TASK STATEMENT: Pictures are not part of the answer. Return the lines from the one containing "925 Silver Smooth" through the end of the data, both included, exactly as they appear.

SUPPLIED DATA:
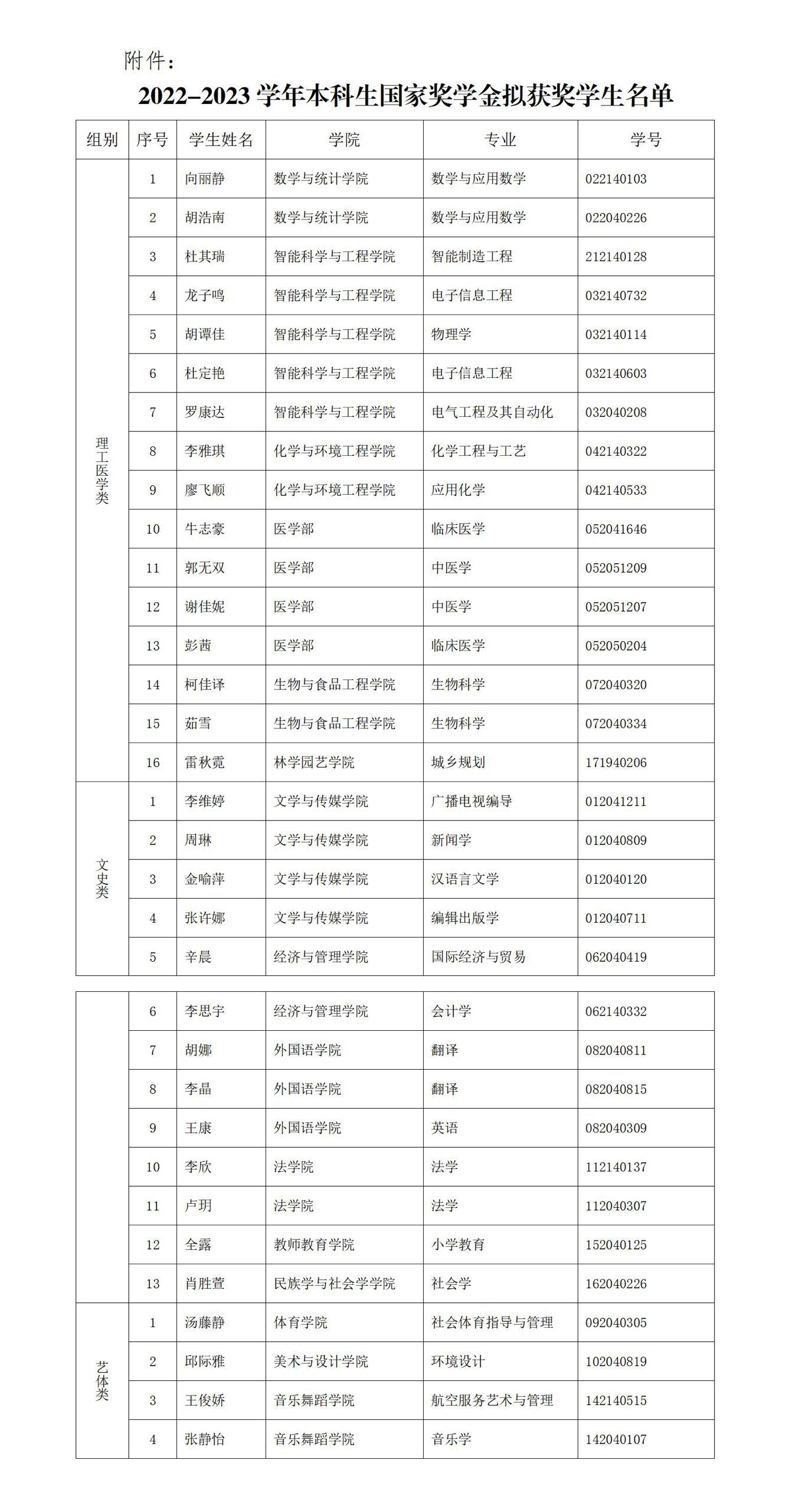 根据《湖北省学生资助管理中心关于做好2022-2023学年本专科生国家奖学金初评工作的通知》、《365电子娱乐官方网站本科学生国家奖学金实施细则》(民大校办发〔2020〕67号)、《365电子娱乐官方网站关于开展2022-2023学年国家奖学金评审暨国家奖学金答辩评审会的通知》等文件精神,经各学院(部)初评推荐、学生工作处组织答辩评审,经济与管理学院20级国际经济与贸易专业062040419辛晨、21级会计学专业062140332李思宇荣获2022-2023学年本科生国家奖学金。
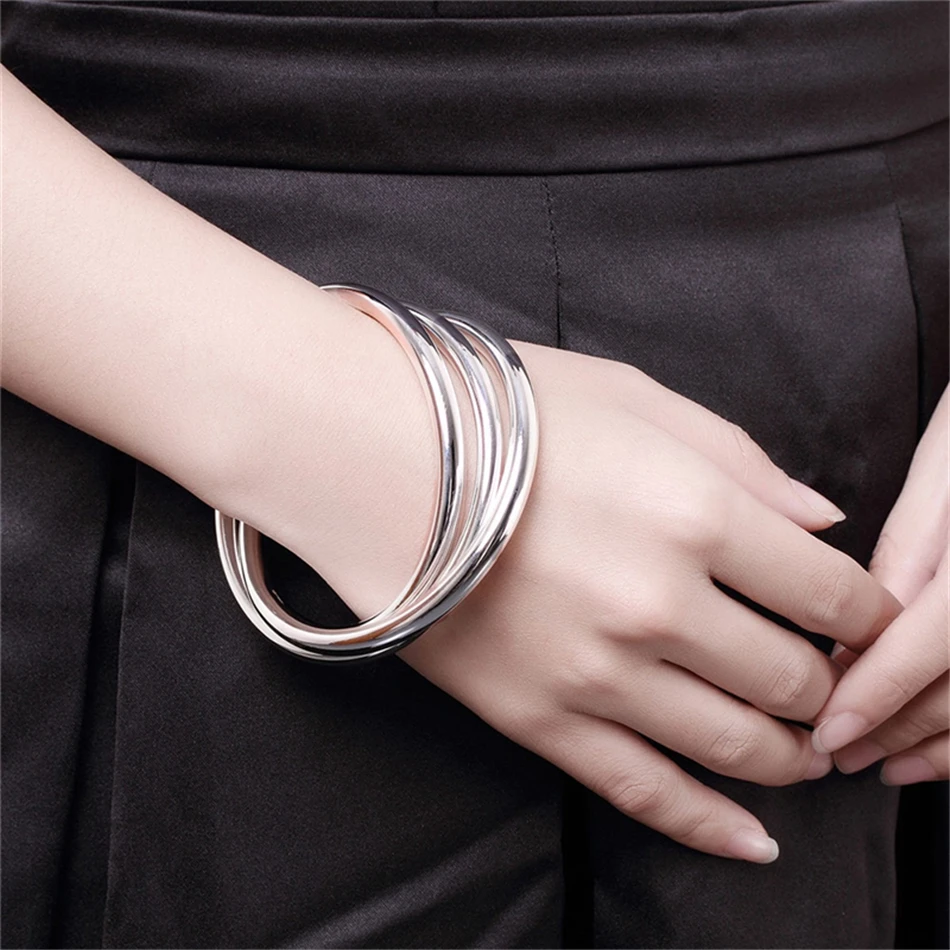 925 Silver Smooth Open Cuff Bracelets&Bangles For Women Fashion Silver Jewelry
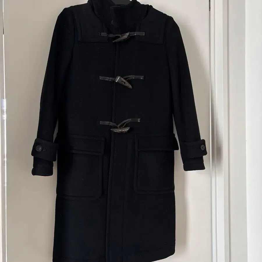 탄탄한 원단의 더플 코트입니다. 심플하고 고품질인 디자인은 유행을 타지 않아 오래 착용할 수 있습니다. 몇 년 전에 구매하여 한동안 착용하지 않아 판매합니다. 양모 90% 더플 버튼 부분 소가죽 사이즈 - S 컬러 - 블랙 계열 기장 - 미들 얼룩, 찢김, 냄새 등 - 없음

PROBLEM SOLUTION:
 925 Silver Smooth Open Cuff Bracelets&Bangles For Women Fashion Silver Jewelry
 탄탄한 원단의 더플 코트입니다. 심플하고 고품질인 디자인은 유행을 타지 않아 오래 착용할 수 있습니다. 몇 년 전에 구매하여 한동안 착용하지 않아 판매합니다. 양모 90% 더플 버튼 부분 소가죽 사이즈 - S 컬러 - 블랙 계열 기장 - 미들 얼룩, 찢김, 냄새 등 - 없음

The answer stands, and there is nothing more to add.